Required action: Exclude the images, then return every line below exactly as written.

Supplied data:
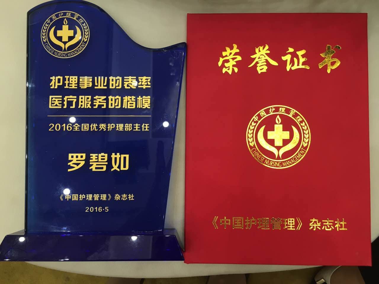 在开幕式上,对获得2016年“优秀护理部主任”奖和“十大杰出护理工作者”的护理管理人员进行了颁奖,共有103名优秀护理部主任和10名杰出护理工作者获得表彰,我院罗碧如主任荣获2016年全国“优秀护理部主任奖”。
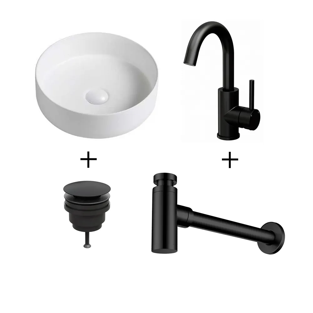 ✔ Compleet pakket met waskom, wastafelkraan, afvoerplug en sifon
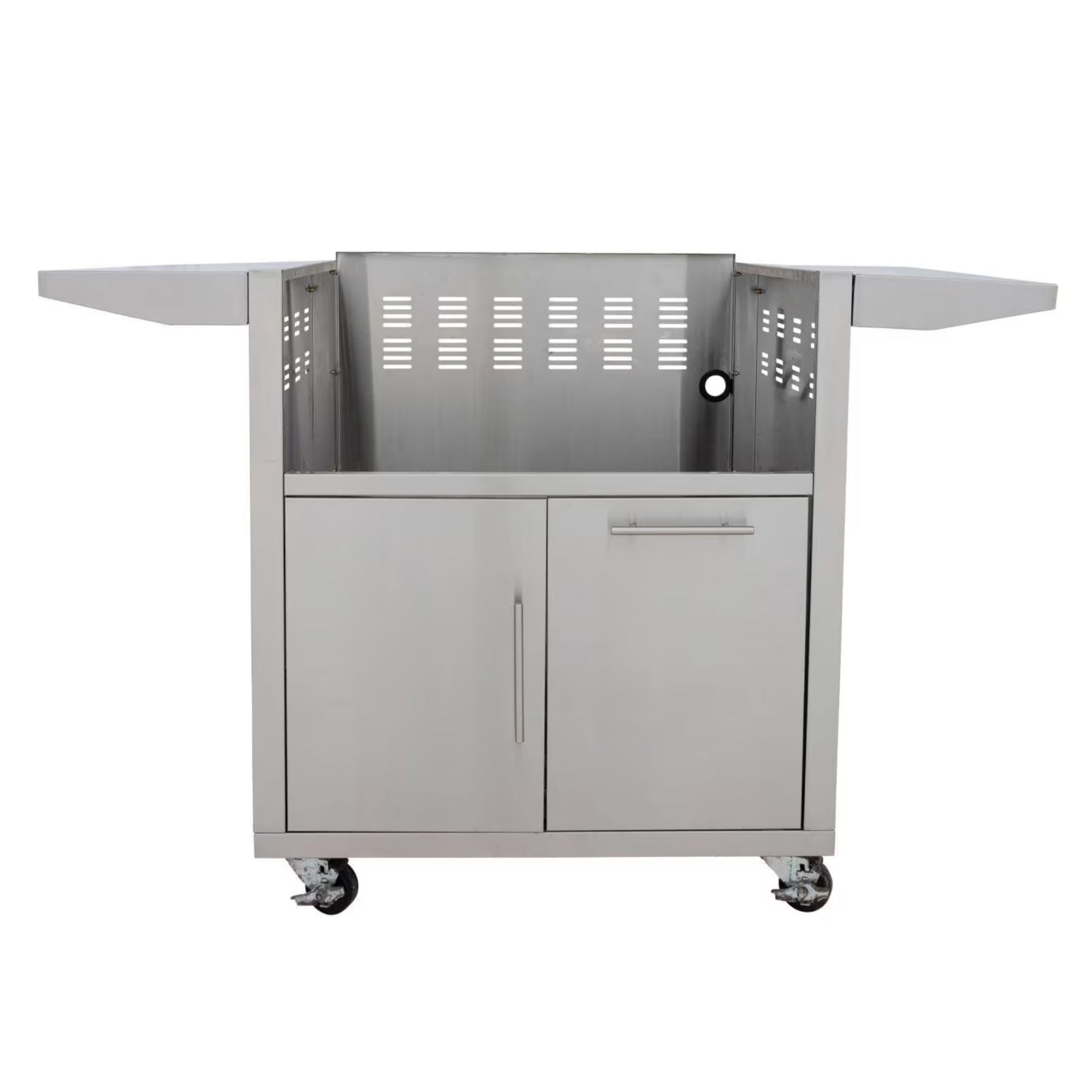 Designed for easy access and organization, it features a soft-close door, a roll-out propane tank holder for effortless fuel changes, and fixed side shelves for extra workspace. Heavy-duty casters make moving the cart around your patio smooth and simple, allowing you to cook wherever the party takes you.
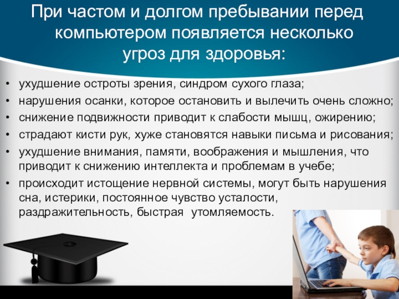 Слайд 21При частом и долгом пребывании перед компьютером появляется несколько угроз для

Result of this exercise:
 在开幕式上,对获得2016年“优秀护理部主任”奖和“十大杰出护理工作者”的护理管理人员进行了颁奖,共有103名优秀护理部主任和10名杰出护理工作者获得表彰,我院罗碧如主任荣获2016年全国“优秀护理部主任奖”。
 ✔ Compleet pakket met waskom, wastafelkraan, afvoerplug en sifon
 Designed for easy access and organization, it features a soft-close door, a roll-out propane tank holder for effortless fuel changes, and fixed side shelves for extra workspace. Heavy-duty casters make moving the cart around your patio smooth and simple, allowing you to cook wherever the party takes you.
 Слайд 21При частом и долгом пребывании перед компьютером появляется несколько угроз для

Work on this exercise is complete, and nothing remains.